AI coding agent
Cursor has significantly improved my development workflow. It feels like working with an experienced AI pair programmer that understands the project context, helps with multi-file changes, explains code, generates implementations, and assists with debugging. The seamless VS Code experience and strong code editing capabilities make it one of the best AI coding tools available today.
Occasionally the AI loses context during very large refactoring tasks, and long-running agent sessions can require manual guidance. Better memory across sessions, improved handling of massive codebases, lower resource usage, and more transparent reasoning during complex edits would make the experience even better.
I also evaluated Claude Code, GitHub Copilot, Windsurf, Codex, and VS Code with AI extensions. I chose Cursor because it offers an excellent balance of project awareness, intelligent code editing, multi-file refactoring, debugging assistance, and an interface that fits naturally into my existing development workflow.
The 20 bucks of my monthly subscription give a lot more value than competitors thanks to the "Auto" mode. I only need to resort to the "smart" models for few tasks. The credit goes by fast using those.
It can be used for asking questions and learning new (code-related) things, not just coding.
Hey all! I'm Chris, Mobile Lead at Cursor, excited to hear what you think of our new app. We'll be around to answer questions throughout the day!
Voice input from the phone sounds useful, but I’d be nervous sending a messy spoken prompt straight to an agent. Does Cursor turn it into an editable brief first, or does the agent start from the raw voice request?

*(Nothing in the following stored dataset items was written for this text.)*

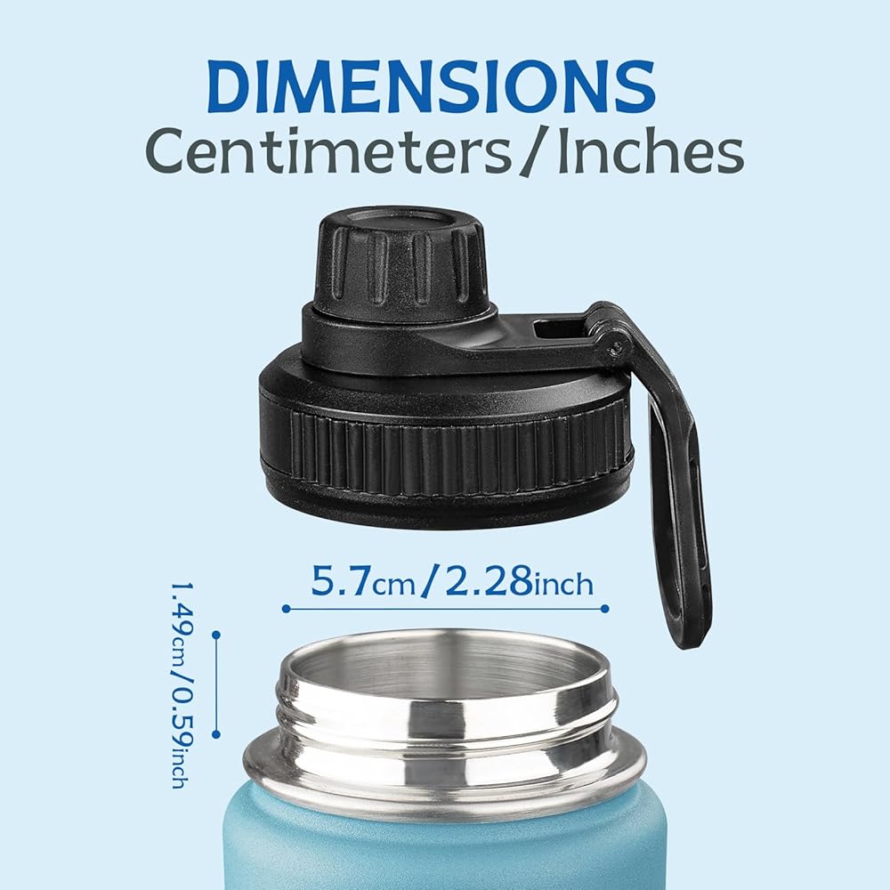 تصميم الزجاجات ذات الفم الواسع: أغطيةنا عبارة عن زجاجات من الفولاذ المقاوم للصدأ بقطر 2.28 سم. مثالية لزجاجات المياه ذات الفم العريض من ستار سبيد 14،32،40،64 و128 أونصة، متوافقة مع معظم زجاجات الفم العريضة.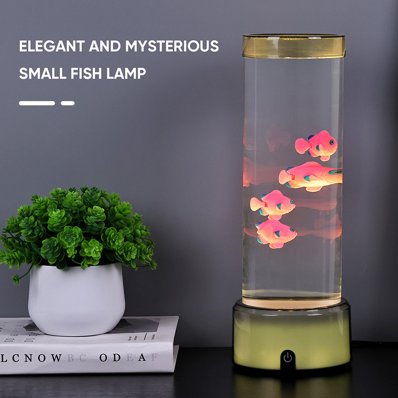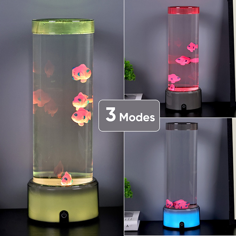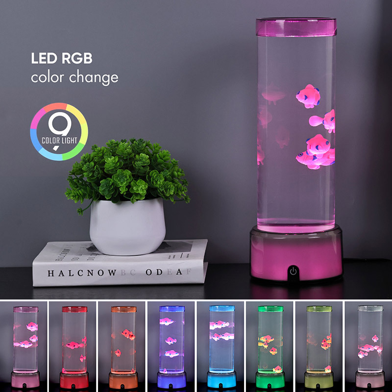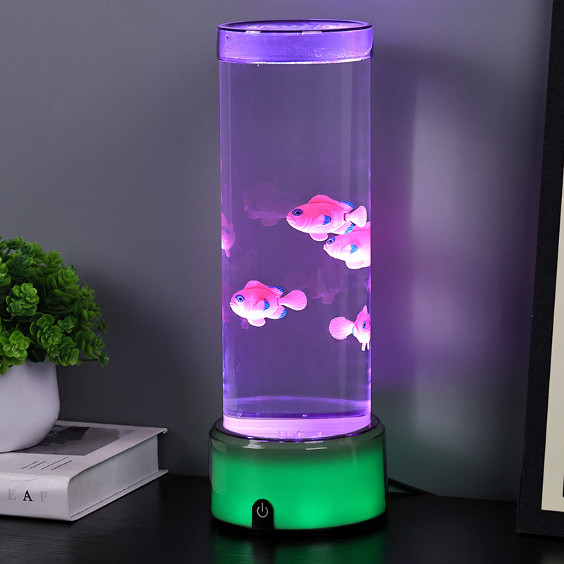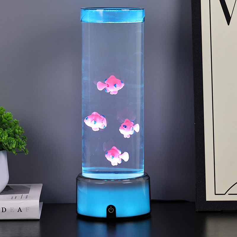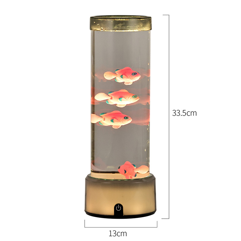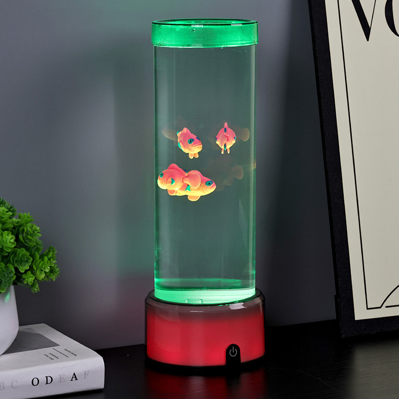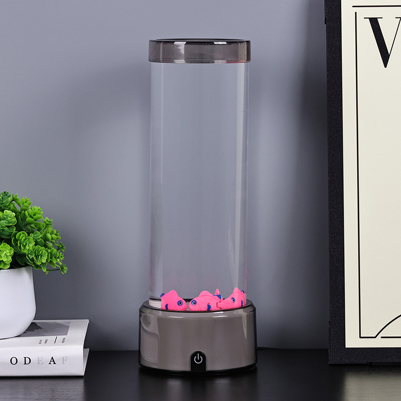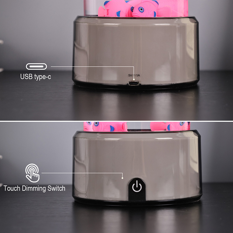 Aanraakkeuzeschakelaar en kwallen zwemmenKwallenvislamp met RGB-basis Decoratieve lamp, een nieuw ontworpen kijkspeelgoed voor kinderen met een cilindrisch ontwerp dat water vasthoudt. Na het vullen met water worden er drie kleine vissen in geplaatst. De Jellyfish Fish Lamp met RGB-basis kan op en neer zwemmen als het kleine motortje aan de onderkant draait. Tegelijkertijd heeft de basis RGB-kleurtransformatie. Het grootste hoogtepunt van dit product is dat de basis ook verandert bij kleurtransformatie. Het volledig plastic ontwerp is zeer licht zonder water vast te houden, wat erg handig is voor transport. De stroombron van de vislamp wordt geleverd door USB type C laagspanning, wat erg handig is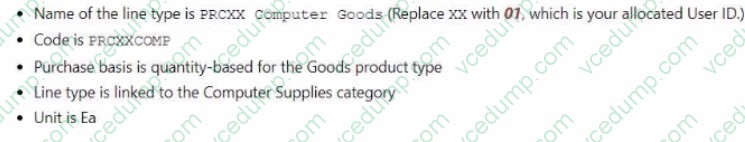 Name of the line type is PRCXX Computer Goods (Replace xx with 01, which is your allocated User ID.)

The mobile part I keep thinking about is the review step. Kicking off agents from a phone is easy, but merging on the go means approving diffs on a screen where you can't really read a diff, and every time we've moved approvals to a phone people start rubber-stamping. So the agent's summary of what it changed becomes the real gate, not the diff. Does the app surface anything risk-ranked, like this touched auth or deleted tests, or is review just scrolling the raw changes?
The always on cloud agents caught my attention . I'd love to hear how they're performing for people using them on real projects using them on real projects.
The mobile angle for coding agents is interesting, especially with Cursor already being associated with dev workflows. How much of the iOS experience is meant for actually editing code versus steering an agent through prompts, reviews, and approvals? I’d also be curious whether the app is optimized for existing projects or if it supports starting lightweight tasks from scratch while on the go.
Congrats on the iOS launch! 🚀 The most useful part for me is not full coding on mobile, but starting agents, checking progress, and reviewing work while away from the laptop. Curious how Cursor handles mobile review safety. Does it highlight risky changes like auth, payments, database migrations, or deleted tests before someone approves or merges from a small screen?
The phone surface makes sense if it is treated as a control plane, not a tiny replacement for the main coding environment. The useful moments are reviewing a diff, unblocking an agent, checking a dev server, or capturing context while away from the desk with repo permissions still obvious.